Try it:
Once the line containing "The ground floor’s" is located in the records below, repeat it and all lines that follow it exactly, leaving out any picture.

═════ Data listing

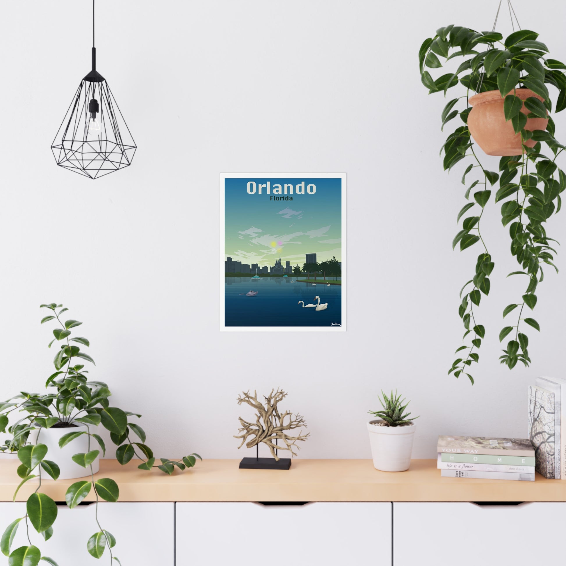 This visually striking piece captures the essence of Orlando's dynamic spirit and scenic beauty. The poster features a panoramic view of the city's iconic skyline, bathed in the warm glow of a Floridian sunset, with the famous Lake Eola fountain in the foreground, symbolizing the city's heart and soul.
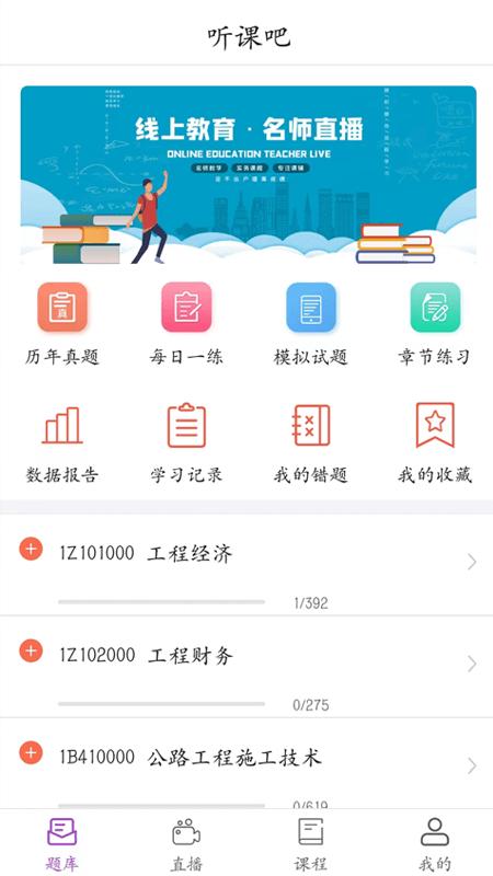 听课吧app是一款教育学习类软件,它内置含有海量的课程资源和教学视频还有海量题库让你可以随时随地刷题练习,并且会根据你的错题情况给你出你最薄弱的题目,让你更快的掌握知识点。
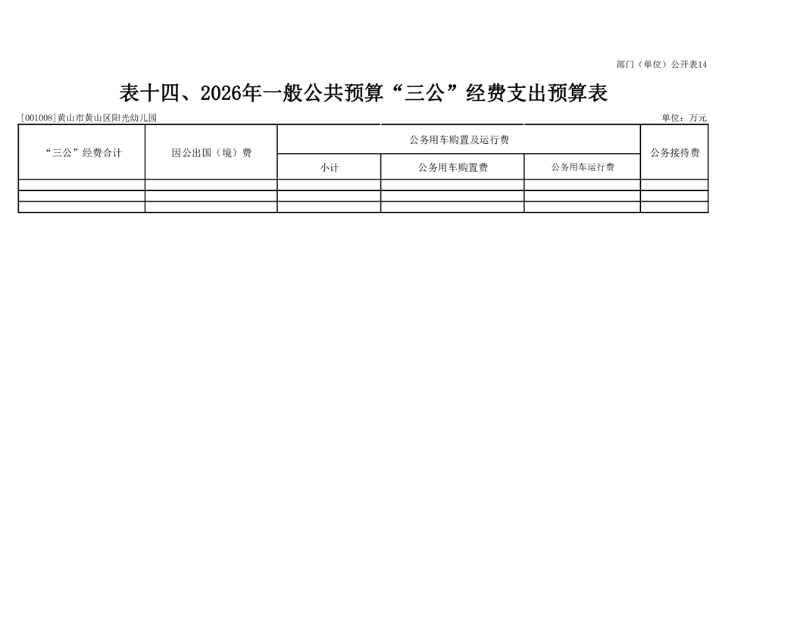 14.黄山区阳光幼儿园2026年“三公”经费财政拨款支出预算表
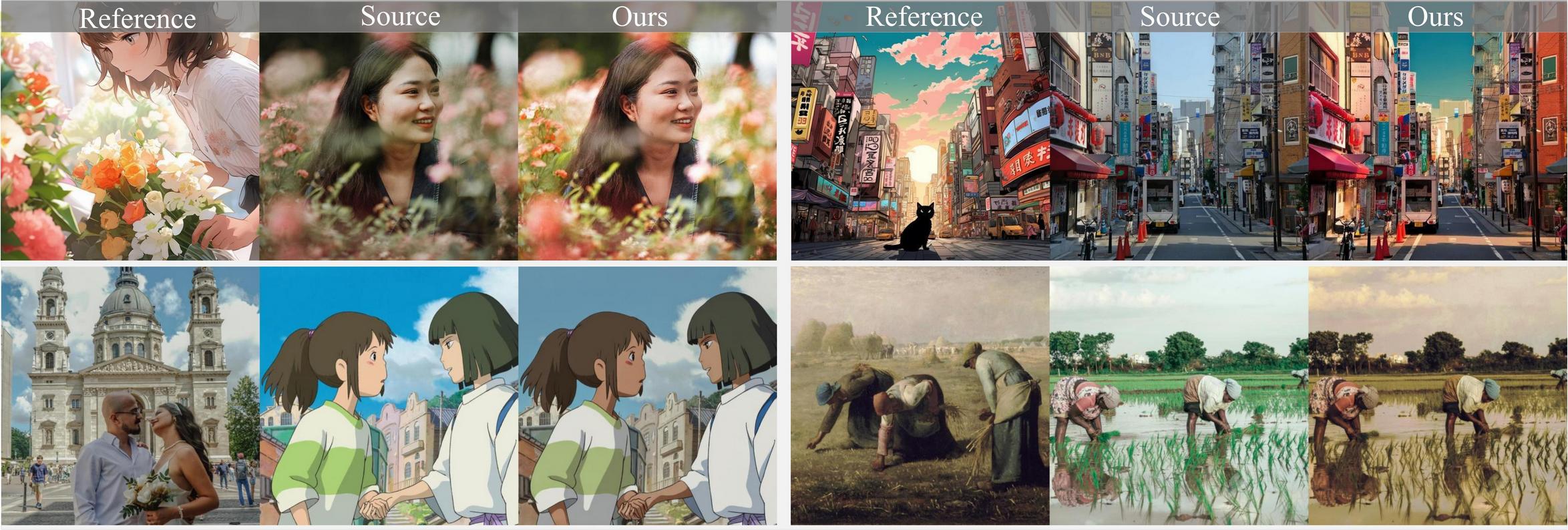 SemiNFT also enables cross-domain preset transfer, such as translating aesthetics between anime images and realistic photographs. SemiNFT strictly preserves the source content while changing only the color and tonal characteristics.
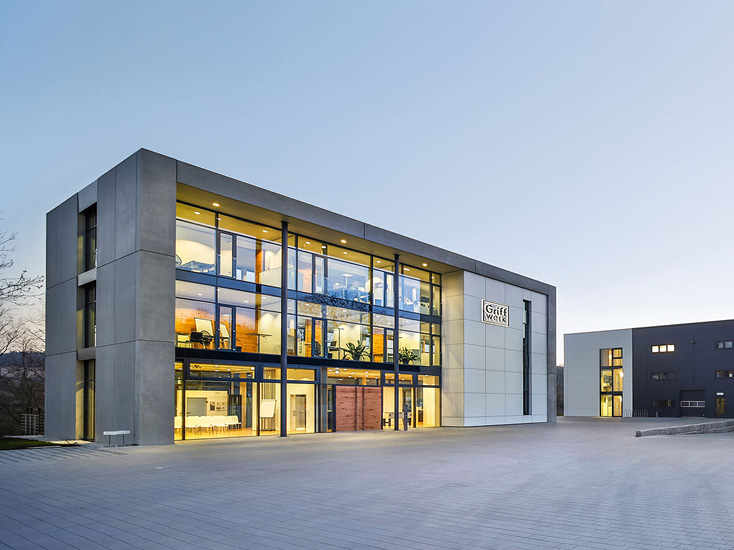 Architektur berührt. Unsere Passion gilt Türbeschlägen und Glastüren. Wir schaffen Funktionselemente der Architektur, die Räume öffnen. GRIFFWERK, mit Sitz im süddeutschen Blaustein bei Ulm, wurde 1999 gegründet und konnte seitdem eine außergewöhnliche Erfolgsgeschichte verzeichnen. In unserem Hauptsitz in Blaustein beschäftigen wir über 100 Mitarbeitende.
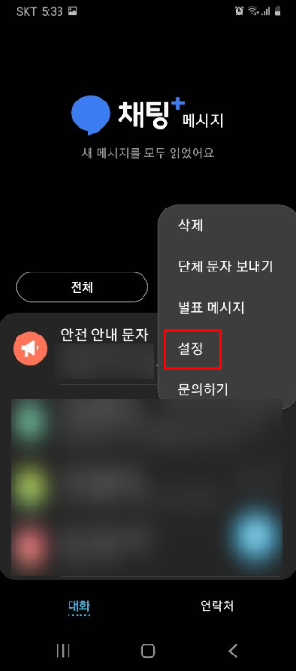 세로 점 세개 아이콘을 누르면 작은 창이 뜹니다. 삭제, 단체문자보내기, 별표메시지, 안심베시지, 설정, 문의하기 가 나옵니다. 이 중, 설정을 눌러주세요.
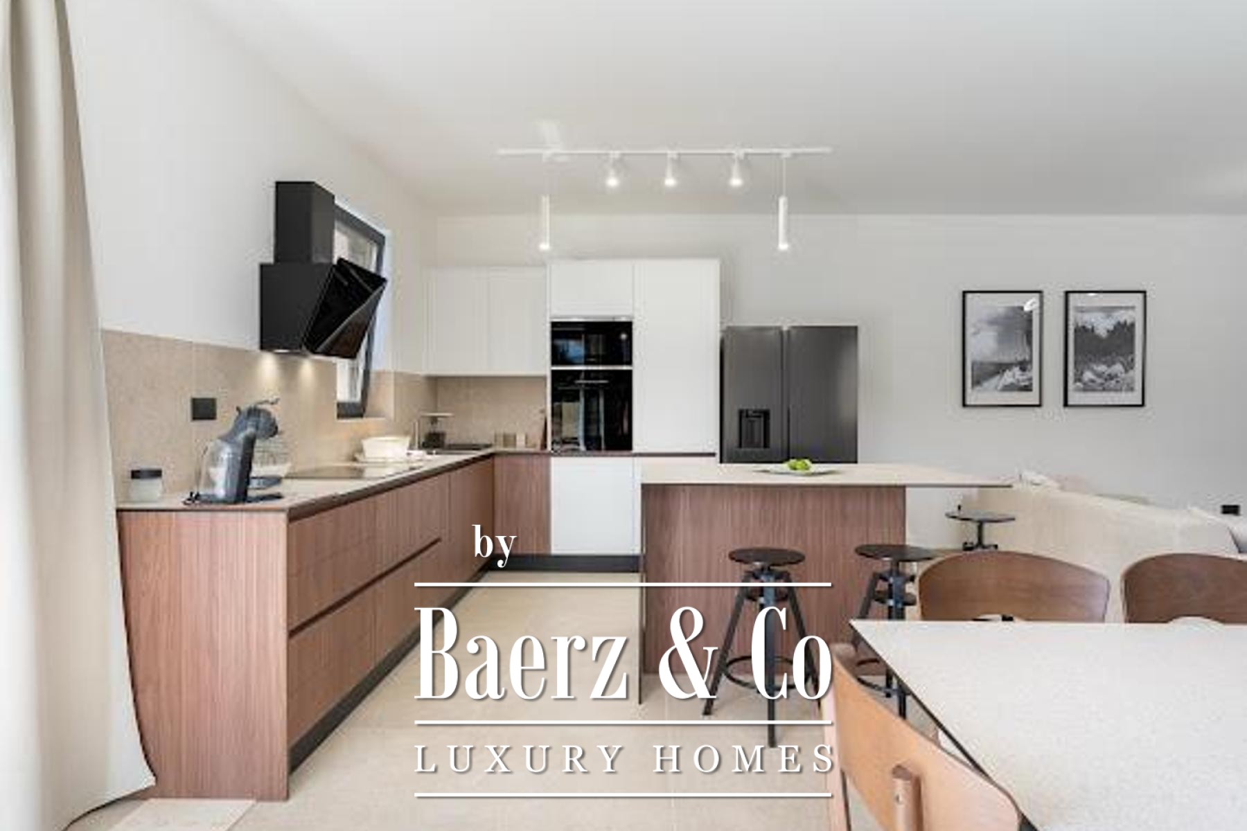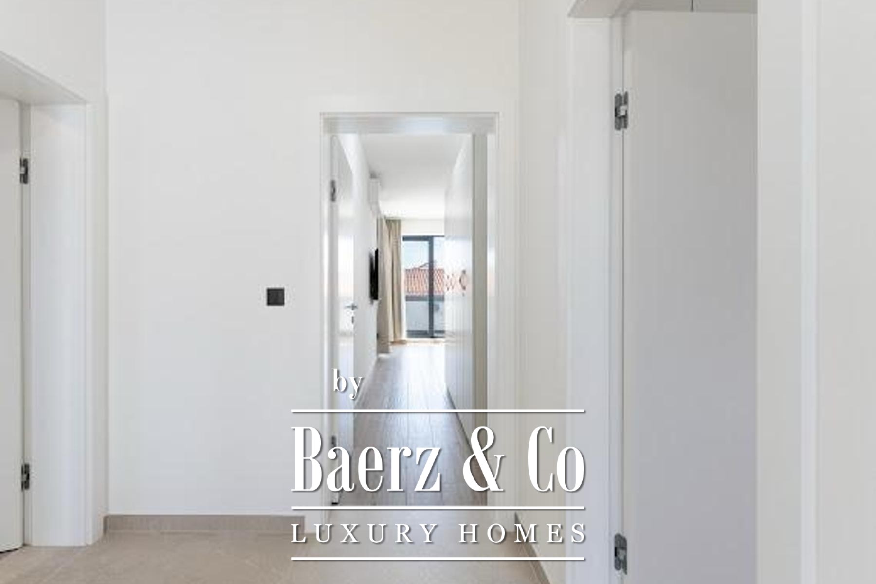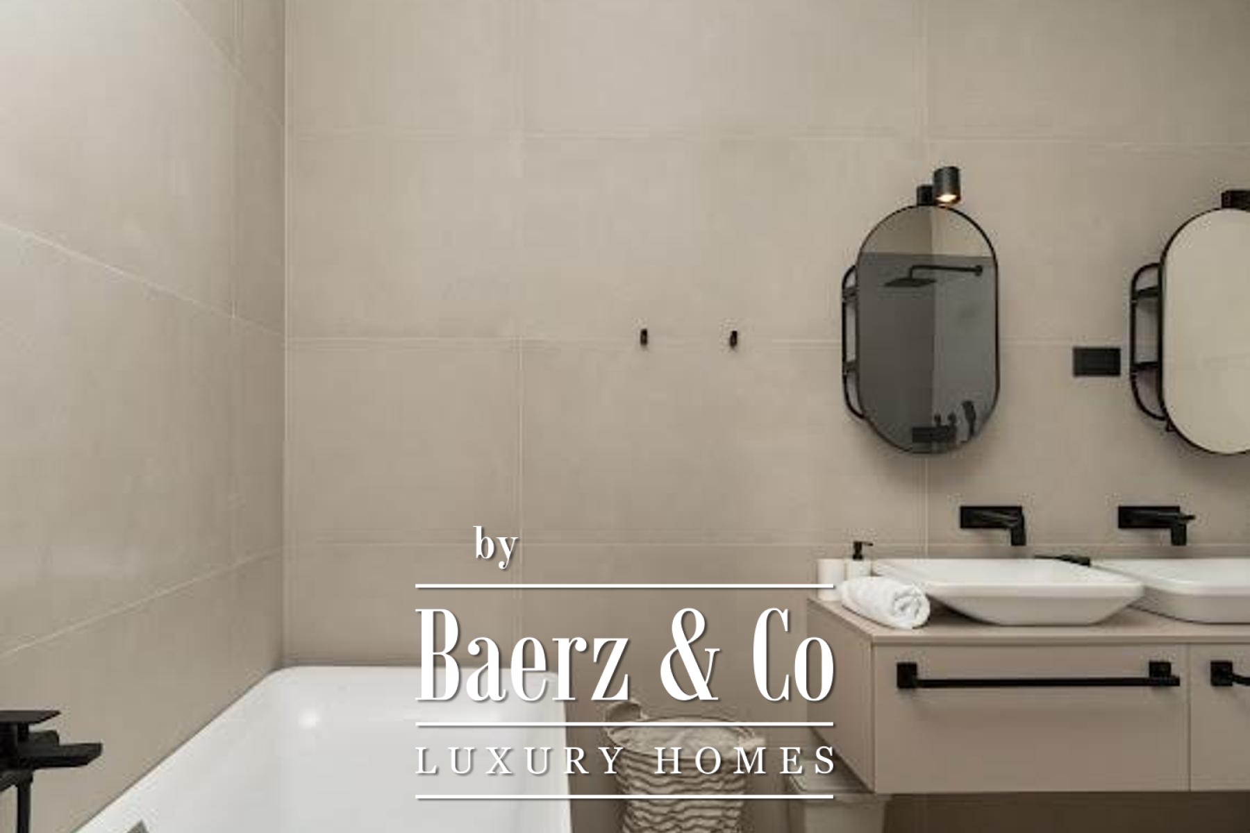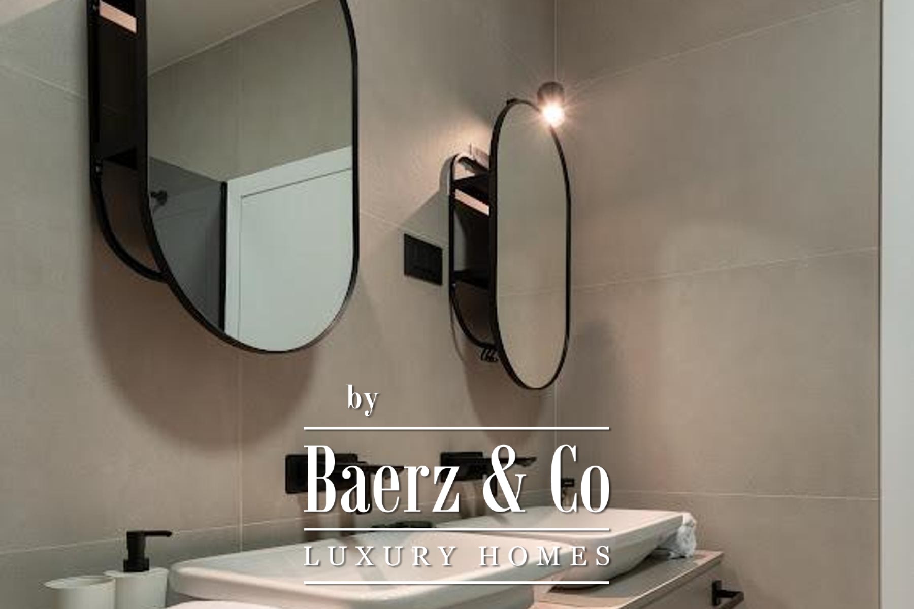 The ground floor’s open-concept kitchen, dining, and living spaces flow seamlessly, complemented by a bedroom with en-suite bath, a guest toilet, laundry, and storage. Ascending the internal stairs, the upper floor reveals an entrance hall, three additional bedrooms each with bathrooms, and a spacious terrace that invites outdoor living.
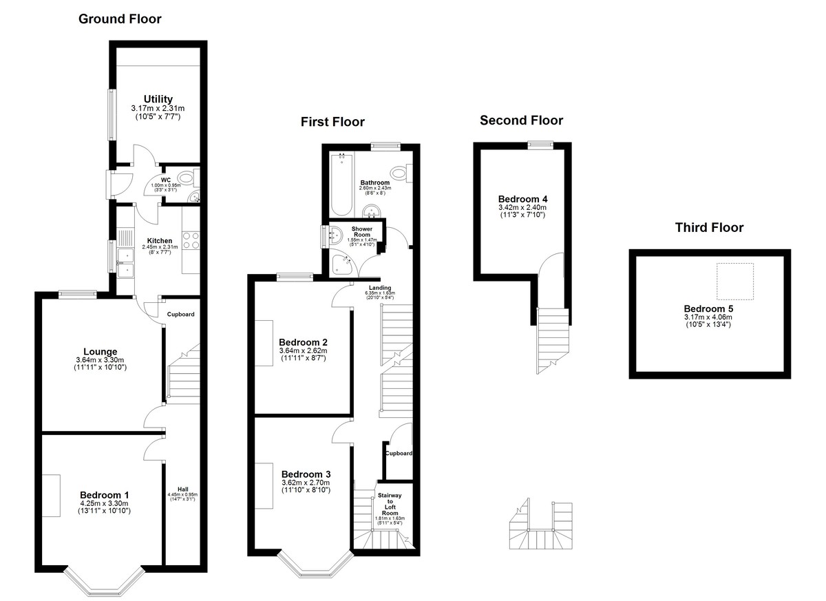 The first floor comprises two further well-sized bedrooms, a bathroom with bath, shower, toilet, and sink, plus an additional shower room with its own sink. The top floor houses the remaining two bedrooms, both equally spacious and bright.
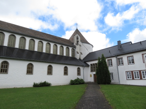 Der erste kurz Stop ist an der Abtei Maria Frieden, deren Architektur mich irritiert hat – bis wir dann rausfanden, dass sie erst 1953 gebaut wurde. Es handelt sich um ein Zisterzienserinnenkloster „strengerer Observanz“ und nach der Website sieht es so aus, als seien derzeit noch 10 Nonnen vor Ort.
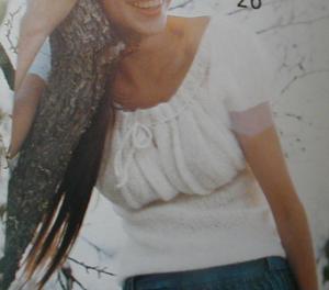 After seeing Carolyn's new halter, I've been thinking about something similar. Strech marks prevent me from doing the exposed navel thing, but this little top from Rebecca # 24 seems like a good compromise.
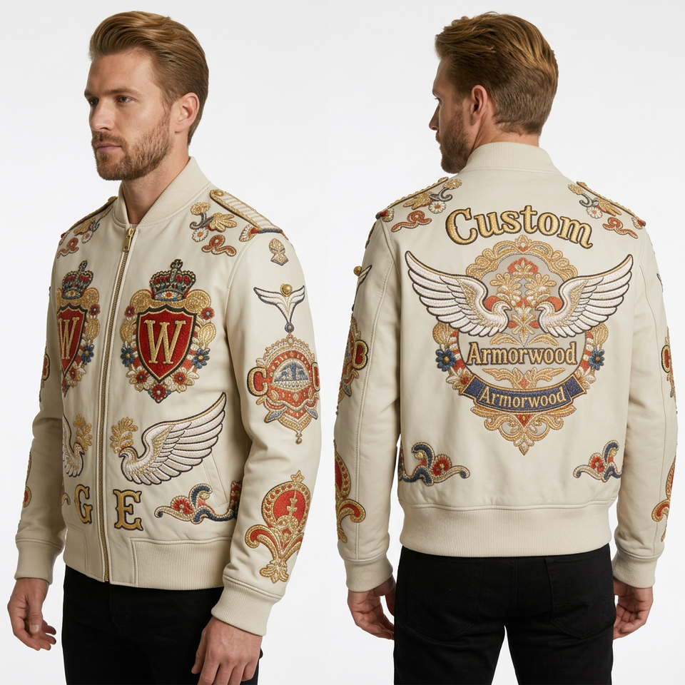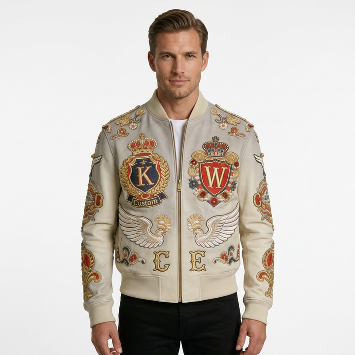 Chaqueta Universitaria de Piel de Oveja con Diseño Ombré Personalizado para Hombre, Cierre de Cremallera, Diseño de Bordado Liso
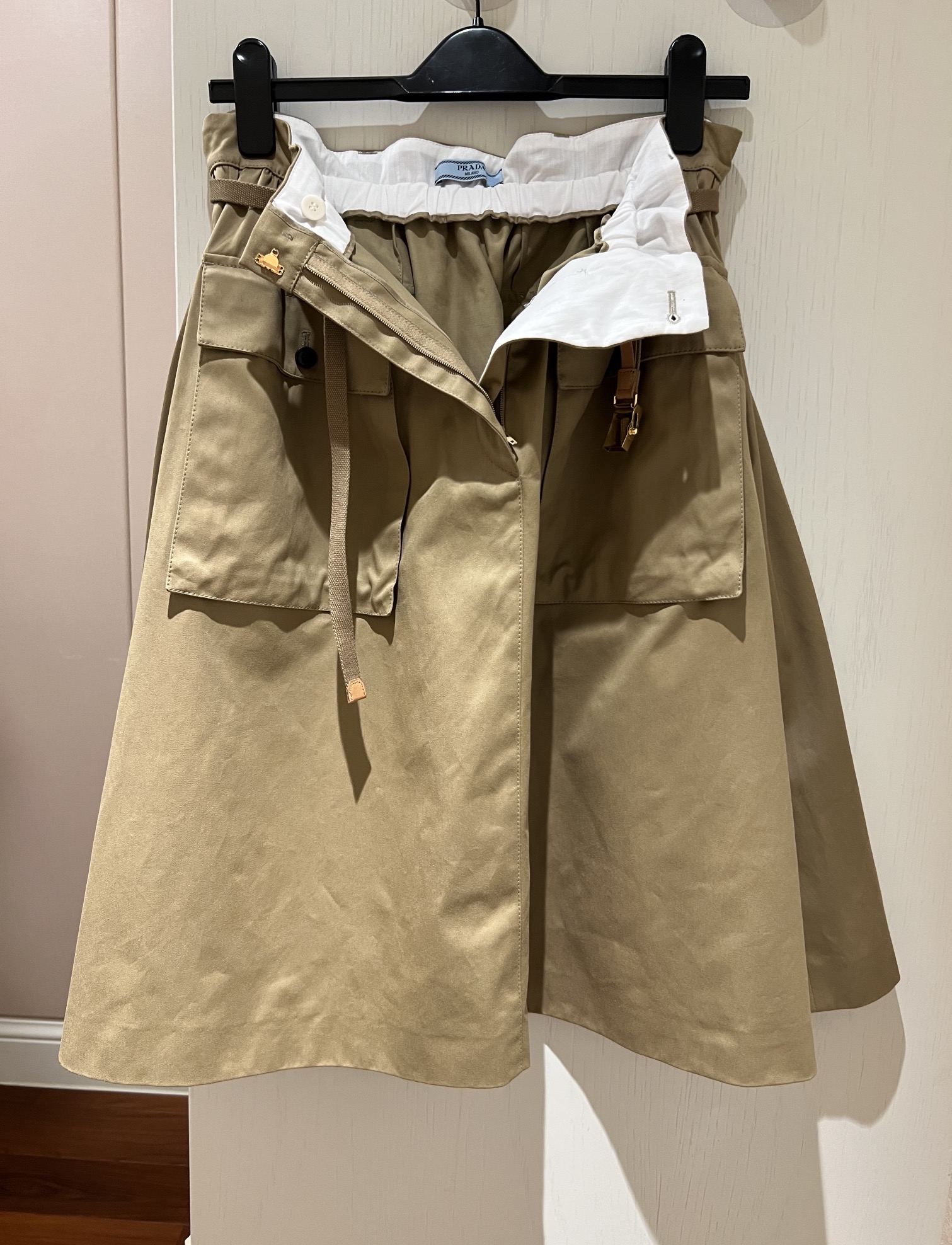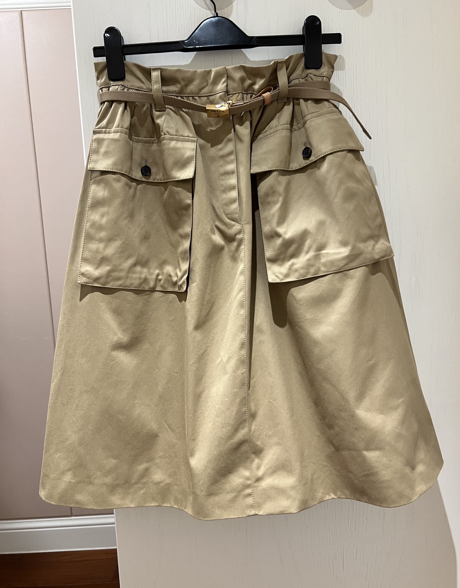 프라다 코튼 새틴 미디 스커트

══════════

Worked solution:
 The ground floor’s open-concept kitchen, dining, and living spaces flow seamlessly, complemented by a bedroom with en-suite bath, a guest toilet, laundry, and storage. Ascending the internal stairs, the upper floor reveals an entrance hall, three additional bedrooms each with bathrooms, and a spacious terrace that invites outdoor living.
 The first floor comprises two further well-sized bedrooms, a bathroom with bath, shower, toilet, and sink, plus an additional shower room with its own sink. The top floor houses the remaining two bedrooms, both equally spacious and bright.
 Der erste kurz Stop ist an der Abtei Maria Frieden, deren Architektur mich irritiert hat – bis wir dann rausfanden, dass sie erst 1953 gebaut wurde. Es handelt sich um ein Zisterzienserinnenkloster „strengerer Observanz“ und nach der Website sieht es so aus, als seien derzeit noch 10 Nonnen vor Ort.
 After seeing Carolyn's new halter, I've been thinking about something similar. Strech marks prevent me from doing the exposed navel thing, but this little top from Rebecca # 24 seems like a good compromise.
 Chaqueta Universitaria de Piel de Oveja con Diseño Ombré Personalizado para Hombre, Cierre de Cremallera, Diseño de Bordado Liso
 프라다 코튼 새틴 미디 스커트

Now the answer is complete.